# Upgrading E-Machine w3611



## QtoTheBall (Aug 24, 2005)

Hey everyone. Recently came into some extra cash and I'm deadset on finally upgrading my comp. I'm purchasing a vid card, 4 gigs of ram and a new psu. My question basically is, which psu should I purchase. My system currently runs on 350 w so I think with the new vid card and ram and probably a new fan I'm going to need about 500 w too 550 just to be safe. I'm pretty sure I need an ATX power supply but I see the option for ATX 12 v supplies and I'm not quite sure which my computer needs. I don't want get all my new stuff to find out my psu doesn't have right connections on it.
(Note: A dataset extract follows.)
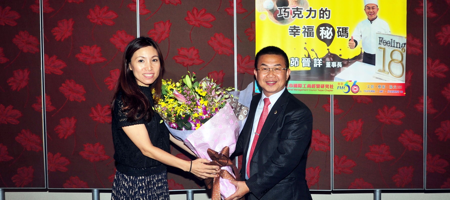去年我完成了我人生第一本書, 書名為巧克力的幸福秘碼。感謝主辦單位幫我做這一張海報,讓我感受很深,特地把秘字標示出來。幸福秘碼的”秘”我特別用這個”秘”字代表我心裡的秘境。我要讓大家知道一個從鄉下長大,因家境困難被迫國中畢業就要去職場工作的小男孩的心路歷程。我那時從埔里台中來到台北打拼,當時只有一個想法,我一定要學到一個非常好的甜點來回饋家鄉。其實當初只有這樣一個想法,另外就是趕快有個好的收入解決家裡的經濟困境。我認為這是我們現在年輕人,國中畢業後就必須要有的擔當,所以最近每個月我大概都有5-6場的大學高中學校的演講分享, 讓現在的年輕人了解,其實國中畢業就要決策你的未來,國中畢業應該就要懂事了。所以我的學歷並不是很高, 當我開始有好的穩定的收入, 我回到學校讀書,不斷進修。 所以現在還在暨南大學總裁EMBA班做一個很乖的一個學生,因為我會珍惜把握所爭取到的機會,並且很認真的去努力。

Basically I was hoping someone could find me a psu off newegg.com that would work with this comp. My price range is from 30-60$. The less the better but I don't want to sacrifice too much quality for a couple dollars saved. Below I will list system specs straight off E-machine site and the VId card and memory I intend to purchase, any comments on those would be greatly appreciated, the 8800GTS seems like a good deal but I'm not very computer savvy. Thanks for your time.
-Q

Vid card link
http://www.newegg.com/Product/Product.aspx?Item=N82E16814130325

Ram Link
http://www.newegg.com/Product/Product.aspx?Item=N82E16820144157

Computer Specs
CPU: Intel® Pentium® 4 Processor 631
Hyper-Threading and Intel® EM64T Technology
(3.00GHz, 2MB L2 cache, 800MHz FSB)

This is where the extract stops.